Monday, Jun. 29, 1931
Profit & Loss
While President Hoover, back at his White House desk, strove to minimize the political significance of his 2,500-mi. Mid-West trip which ended last week, G. 0. Politicians who will conduct his campaign for re-election next year balanced up the trip's profit & loss. On his excursion the President behaved like a candidate, even if he did not talk like one. He took local Republican leaders aboard his special train for political hobnobbing. From the rear platform of his car he conversed easily with boys about dogs and fishing. He unbent to the point of making several extemporaneous speeches. He shook thousands of hands.
Yet the behavior of the Hoover crowds was not all the President's friends wished for. They were respectful but cool. They lifted their hats but not their voices. The silence of the Indianapolis street crowds, which were far smaller than advertised, prompted a local Republican to explain to correspondents that they were tired from long standing and waiting for the President. Remarked an irreverent newshawk: "Well, they're not standing on their hands, are they?"
At the Harding tomb in Marion spectators seemed far more interested in Calvin Coolidge than in President Hoover. They so pressed about him that he could not reach his own car and had to be driven away in a commandeered machine. Springfield was the most cordial to the President but even there there was no "whooping-it-up-for-Hoover," no lusty demonstrations, no hat-tossing. Careful planning by the Hoover bodyguard averted all unfriendly exhibitions throughout the trip. At Springfield 350 "hunger marchers" who planned to demonstrate before the President were kept off-stage under virtual arrest by the local police. Republicans comforted themselves with the thought that, as Alfred Emanuel Smith discovered in 1928, noisy receptions do not always mean big votes.
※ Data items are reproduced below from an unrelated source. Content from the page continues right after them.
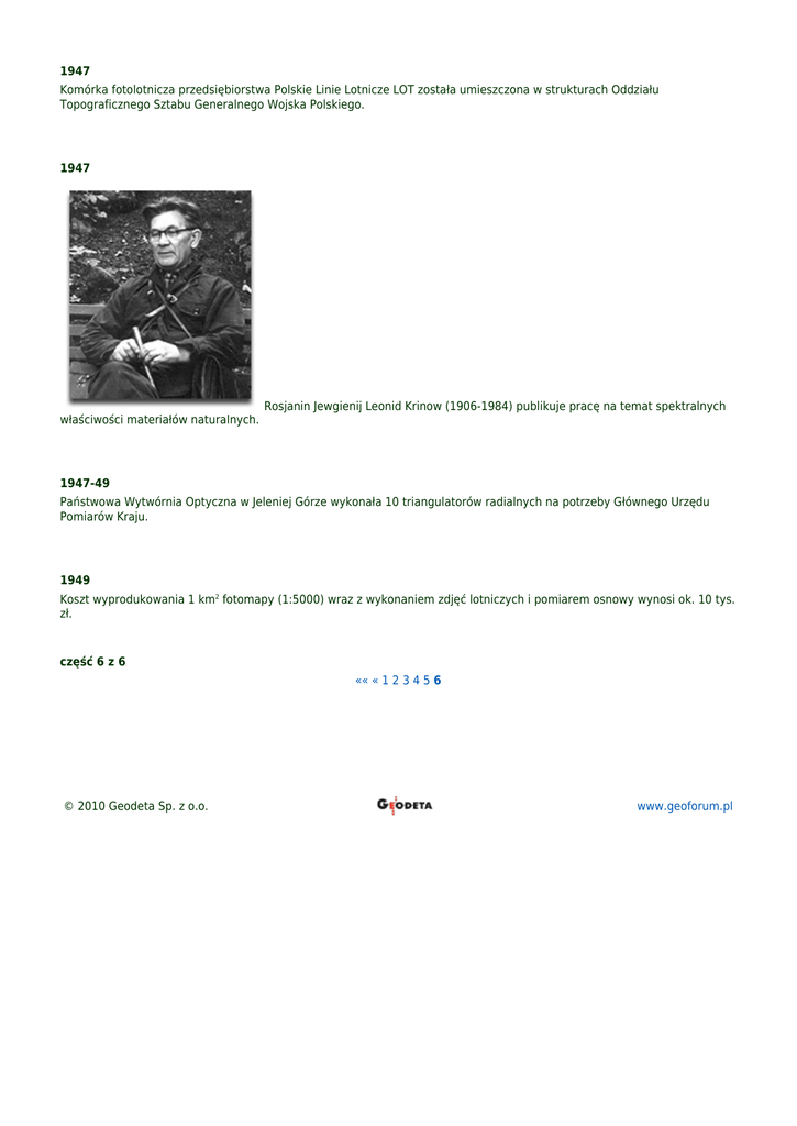 1947 Komórka fotolotnicza przedsiębiorstwa Polskie Linie Lotnicze LOT została umieszczona w strukturach Oddziału Topograficznego Sztabu Generalnego Wojska Polskiego. 1947 właściwości materiałów naturalnych. Rosjanin Jewgienij Leonid Krinow (1906-1984) publikuje pracę na temat spektralnych 1947-49 Państwowa Wytwórnia Optyczna w Jeleniej Górze wykonała 10 triangulatorów radialnych na potrzeby Głównego Urzędu Pomiarów Kraju. 1949 Koszt wyprodukowania 1 km2 fotomapy (1:5000) wraz z wykonaniem zdjęć lotniczych i pomiarem osnowy wynosi ok. 10 tys. zł. część 6 z 6 «« « 1 2 3 4 5 6 © 2010 Geodeta Sp. z o.o. www.geoforum.pl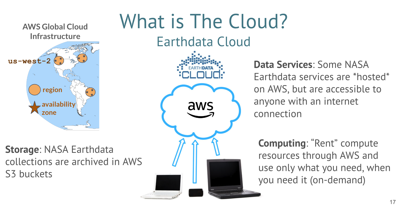 The following guidance is specific to NASA Earthdata and the particular cloud it is stored in, Amazon Web Services (AWS). While some services provided by NASA data archives are cloud-based and you interact with, the guidance below refers to using compute and storage services provided by AWS that allow a user to work closely, or in the same cloud, as the data.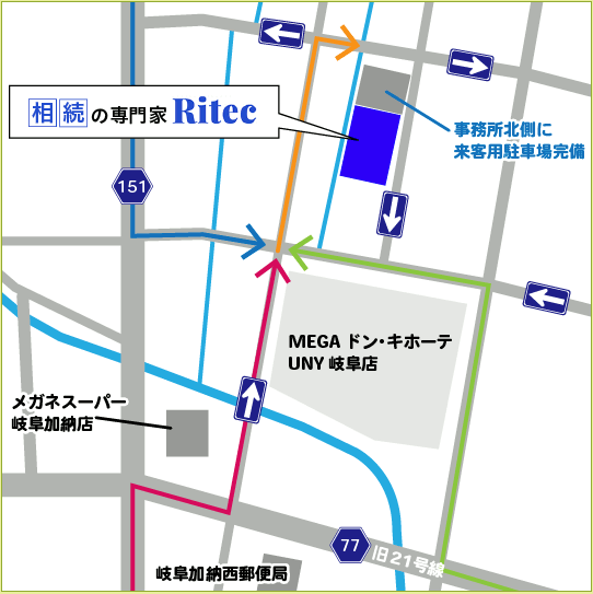 JR 岐阜駅より車で5分。事務所北側に来客用駐車場完備。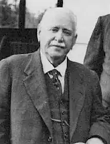 At the 1911 state election, Menzies was elected to the Victorian Legislative Assembly standing in the district of Lowan. His candidacy was supported by the short-lived People's Party, which drew its support from rural areas.[9] In parliament, he served on the vaccination, housing, and public accounts committees, and was chairman of the railways committee for two years. He generally supported the Liberal and Nationalist governments.[10] However, in 1916 he crossed the floor to vote against a government bill that would have mandated the closure of Victoria's Lutheran schools (which were primarily German-speaking). He was one of the few MPs to speak out against the discrimination against German-Australians that was widespread during the war, stating that he knew many of the Germans in his constituency from his previous business dealings and that he could vouch for their character.[11][12]

The President's Indianapolis speech did him the most political good. The Indiana editors present were primed for partisan ballyhoovering. Applause was clocked as follows:
The President's introduction 2 min. 30 sec.
Senator Watson 30 sec.
Governor Leslie 10 sec.
Prosperity 8 sec.
Avoidance of strikes 3 sec.
Immigration Restriction 12 sec.
U. S. v. foreign conditions 5 sec.
Against a dole 14 sec.
Farm Protection 6 sec.
20-Year Plan 12 sec.
Miscellaneous 1 min. 37 sec.
Total Applause 5 min. 47 sec.
Because it unburied old skeletons of Republican scandal, President Hoover's dedication of the Harding memorial was the most politically costly event of the whole trip. Though the President met the issue squarely by declaring that Harding had been betrayed by his trusted friends, nevertheless the malodorous names of Albert Bacon Fall and Harry Micajah Daugherty bobbed up to be linked in headlines with his own. Daugherty, a trustee of the Harding Memorial Association, was present at the Marion ceremony, sat behind the President. Later a controversy arose as to whether President Hoover had greeted with a handshake the man who as Attorney General was driven out of the same Cabinet in which he sat as Secretary of Commerce.
President Hoover's denunciation of those who had betrayed Harding ended Bribee Fall's hopes that he would be pardoned.
Even before he got back to Washington. President Hoover was publicly interrogated about his Harding speech by Senator Thomas James Walsh, relentless Teapot Dome inquisitor. With an eye cocked on politics, Senator Walsh said:
"That was an interesting bit of history introduced by President Hoover, namely the realization by Harding that he had been betrayed. . . . Intimations to that effect have frequently been made, but never by any one in a position to know as well as the President. . . . Of the faithlessness of which particular friend or friends did President Harding have knowl-edge--Fall, Daugherty, Forbes or Miller? If he had such knowledge, why did he not peremptorily dismiss them?